O Brasil sofre as consequências de uma eleição que ocorre após a maior crise política da história de nosso País, provocada por esquemas bilionários de corrupção, que vinham sendo executados sistematicamente há anos, tanto no Poder Executivo, como no Legislativo. O “mecanismo” de corrupção era uma pratica rotineira, executada com certa naturalidade por políticos e empreiteiros, só sendo descoberto graças à coragem e astúcia de alguns agentes públicos, que arriscaram a própria vida para enfrentar este mafioso grupo criminoso. O povo brasileiro em sua ampla maioria é um povo ordeiro e que presa pela moral, pela ética na gestão pública, ficando sempre ao lado das autoridades que se impuseram contra a corrupção no Brasil. Foi graças a este apoio popular que se conseguiu avançar com a Operação Lava a Jato. Agora é a vez do eleitor, precisamos dar a resposta nas urnas, mostrando para o Brasil e para o Mundo, o quanto o brasileiro é intolerante e ético com seu voto. Candidatos sob suspeitas de crime, envolvidos em denúncias, com ficha suja de um modo geral, não deveriam receber nosso voto de confiança. Os candidatos ficha suja, deveriam ser banidos da vida pública. Uma pessoa que se dispõe a trabalhar pelo bem comum, em favor do povo, e, se utiliza do cargo público para cometer crimes, deveria ser julgado como crime hediondo.
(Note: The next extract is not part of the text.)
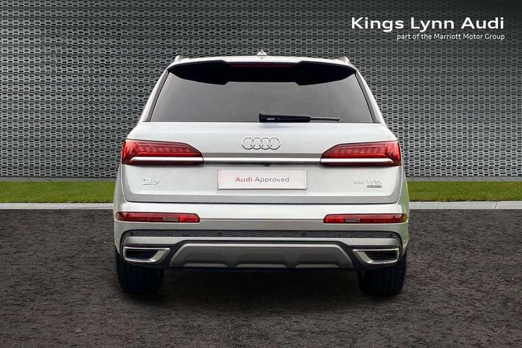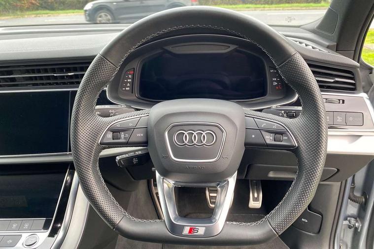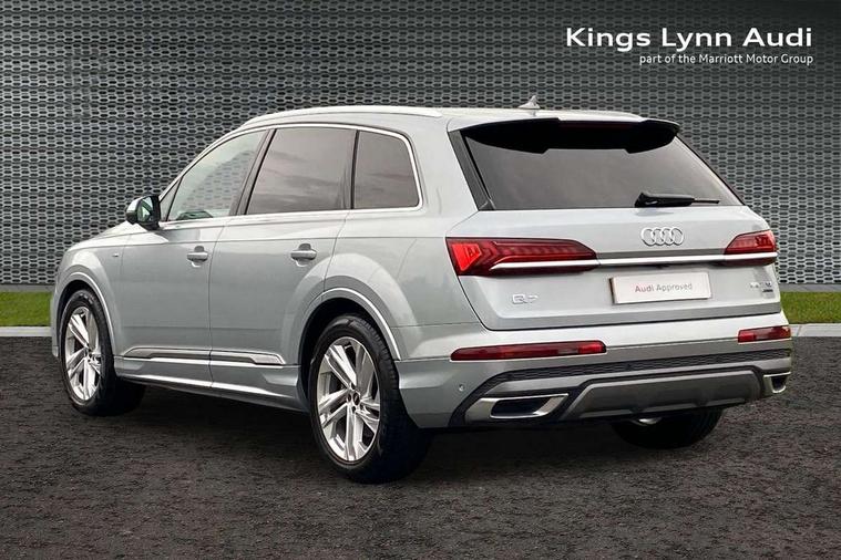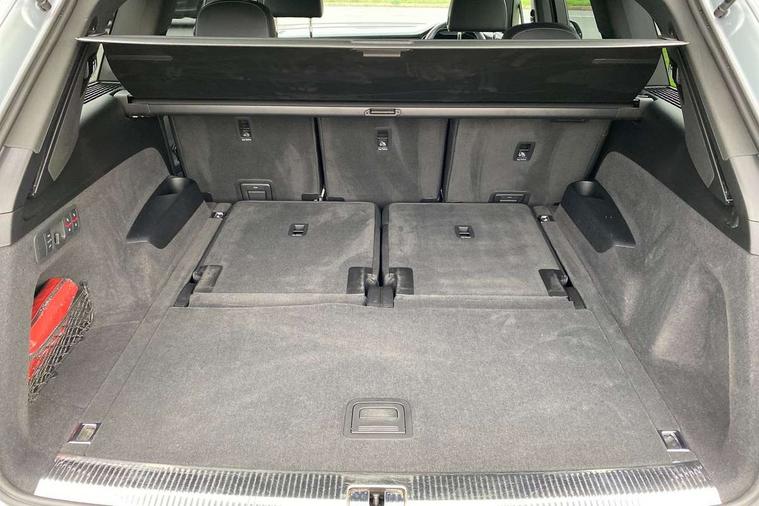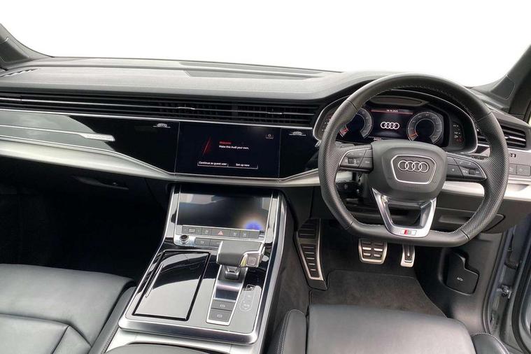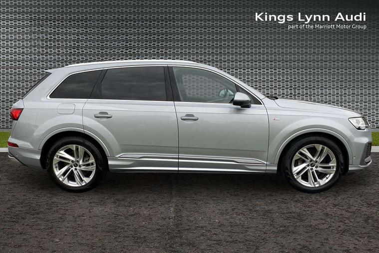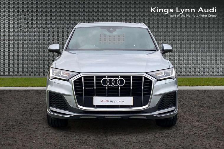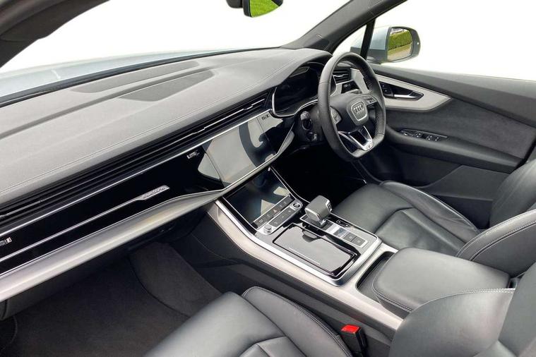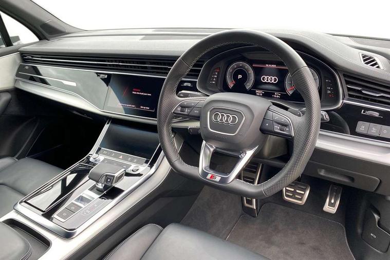 Audi connect safety and service (e-call), Audi connect with Amazon Alexa Integration, Audi drive select (Auto, Comfort, Dynamic, Efficiency, Individual, Off-road and All road), Bluetooth interface, Camera based traffic sign recognition, Electromechanical steering, MMI navigation plus with MMI touch screens includes 10.1" and 8.6" screens with haptic feedback, Natural voice recognition, Parking system plus with 360 degree display (front, rear and side sensors) - acoustic and visual park assist system, Power operated tailgate, Rear view camera, Smartphone interface includes wireless Apple carplay/Android Auto, Start/stop system, 48V Mild hybrid technology, 85 litre fuel tank, Adaptive air suspension, Quattro all wheel drive with self locking centre differential, Audi music interface - front 2 USB-C ports with charger and data functions, Audi sound system with 6 channel amplifier, 180 watt amplifying capacity and 10 loudspeakers including subwoofer, DAB digital radio module, 3rd brake light, Aluminium roof rails, Aluminium window trim, Auto dimming frameless rear view mirror, Body coloured door mirrors, Dark tinted Matrix LED headlights with dynamic front and rear indicators, Electrically adj heated/folding + automatically dimming exterior mirrors with memory + automatic kerb side function for passenger side exterior mirror, Heat insulating glass in windshield, Integrated LED indications in door mirrors, LED daytime running lights, LED rear tail lights, Privacy glass - dark tinted rear and rear side windows from B-pillar backwards, Rear side wing doors, Rear wiper, S Line badge on wings, S line bumpers in full body colour paint finish, S line roof spoiler, S line styling side ventilation grilles and side skirts, 2 seat bench in 3rd row, 2 zone automatic climate control, 3 seat bench in 2nd row, 7 seat layout with ISOFIX points for the front passenger seat and rear passenger seat, Black cloth headlining, Comfort front centre armrest, Electric adjustable front seat with 4 way lumbar support, driver memory functionality, Folding rear seats, Front head restraints, Front/rear floor mats, Heated front seats, Illuminated door sill trims with S logo, LED interior ambient lighting, Luggage compartment cover, Luggage compartment sill protection in stainless steel, Rear head restraints, Single front passenger seat, Stainless steel pedals, Sunvisors with illuminated vanity mirrors, 3 point seatbelts on all rear seats, Audi pre sense front, Child locks on rear doors, Driver and front passenger, front side and curtain airbags, Electromechanical parking brake, Electronic Stabilisation Control (ESC) including ABS, ASR and EDL, Extended pedestrian protection measures, Hill hold assist, Seatbelt monitoring, Tyre pressure loss indicator, Warning triangle and first aid kit, Anti theft alarm, Anti-theft wheel bolts and wheel loosening detection, Keyless Go, Remote central locking, Darkened matt brushed aluminium inlays, Tool kit, Tyre repair kit,

As cartas estão lançadas, o sistema eleitoral brasileiro ainda é um sistema confiável, do ponto de vista da segurança das urnas. A vida dos candidatos, seus patrimônios, recursos de campanha, processos, coligações e alianças, são públicos e estão à disposição de todos os eleitores. A decisão de quem irá governar o Brasil está em nossas mãos, basta saber se teremos o discernimento e a ética suficiente para fazermos boas escolhas.   

“Ainda temos a esperança de que o sistema democrático das eleições brasileiras, ainda seja o melhor e mais inteligente caminho para a escolha de nossos governantes. O povo tem o governo que merece e que ele escolhe. Boas escolhas, resultam em bons governos, caso contrário, pagaremos um preço alto por nossa negligência eleitoral”.